LONDON (Reuters) – Royal Dutch/Shell Group agreed on Tuesday to finalized settlements with U.S. and UK regulators which will cost the oil giant $150.7 million over its mis-statement of proven oil reserves.
The world’s third-largest oil company will pay 17 million pounds ($30.7 million) to the UK Financial Services Authority and $120 million to the U.S. Securities and Exchange Commission.
The settlement comes after Shell stunned financial markets in January by slashing its proven oil and gas reserves by a fifth, or 4.47 billion barrels.
The FSA said Shell’s “unprecedented misconduct” resulted in market abuse and the breaching of listing rules. The SEC said Shell consented to a cease-and-desist order finding violations of the anti-fraud and other provisions of U.S. federal securities laws.

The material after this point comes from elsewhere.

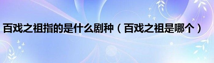 百戲之祖指的是什么劇種(百戲之祖是哪個)

Shell said it will also spend an additional $5 million to develop and implement a “comprehensive internal compliance program” as part of its deal with the SEC. It said it has improved its systems to prevent “any recurrence of these unfortunate events.”
Several top Shell executives lost their jobs in the wake of the scandal. Shell’s new board, led by Chairman Jeroen van der Veer and managing director Malcolm Brinded, has slowly won shareholders over with promises to improve corporate governance.
Earlier this month, a senior industry source told Reuters that Shell would unify the boards of its Dutch and British holding companies. The group might even consider a full merger of the two, or for one holding company to take over the other.
The company currently has two boards. Royal Dutch owns 60 percent of the overall group, while Shell Transport & Trading holds the remaining 40 percent.
Shell has said it will publish the results of its corporate governance review in November, and that nothing had been ruled out.